● **Supplied information**
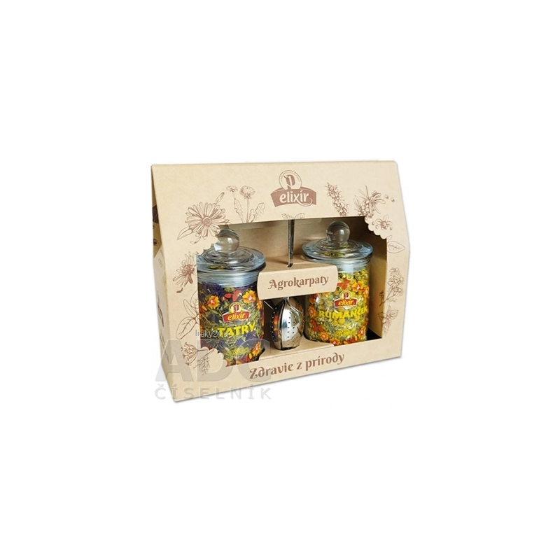 Set obsahuje 2 druhy sypaných čajov v sklenených dózach a praktické nerezové čajítko na jednoduchú prípravu.
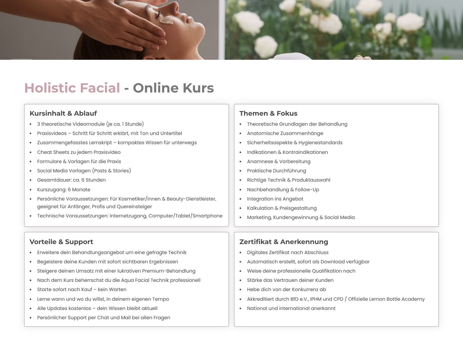 Mit unserem Online Kurs eignest du dir das komplette Fachwissen zur Holistic Beauty Facial-Behandlung an. Lerne die richtige ganzheitliche Technik, Energie-Arbeit und worauf es in der Praxis wirklich ankommt – alles verständlich erklärt und sofort anwendbar.
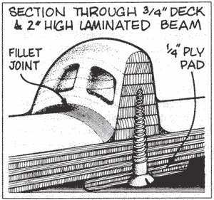boat using bolts through the deck or cabintop, you can use those same bolts for clamping pressure while laminating and
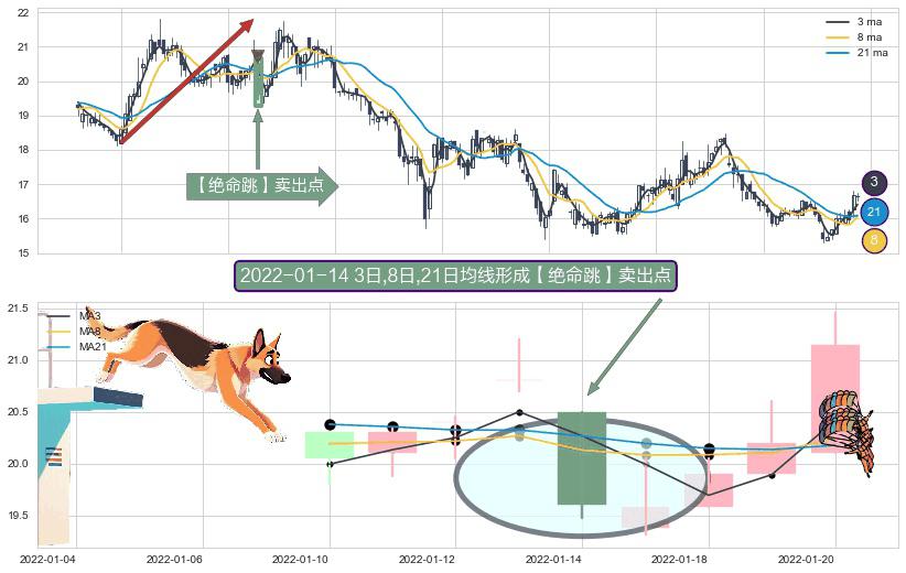 ⚀ 2022-01-14日显现 3日-8日-21日均线 【绝命跳】卖出点 看空信号,后市看跌,卖出

● **What the task requires**
Wherever a picture appears in the listing above, drop it, and restate the rest exactly.

● **Solution below**
 Set obsahuje 2 druhy sypaných čajov v sklenených dózach a praktické nerezové čajítko na jednoduchú prípravu.
 Mit unserem Online Kurs eignest du dir das komplette Fachwissen zur Holistic Beauty Facial-Behandlung an. Lerne die richtige ganzheitliche Technik, Energie-Arbeit und worauf es in der Praxis wirklich ankommt – alles verständlich erklärt und sofort anwendbar.
boat using bolts through the deck or cabintop, you can use those same bolts for clamping pressure while laminating and
 ⚀ 2022-01-14日显现 3日-8日-21日均线 【绝命跳】卖出点 看空信号,后市看跌,卖出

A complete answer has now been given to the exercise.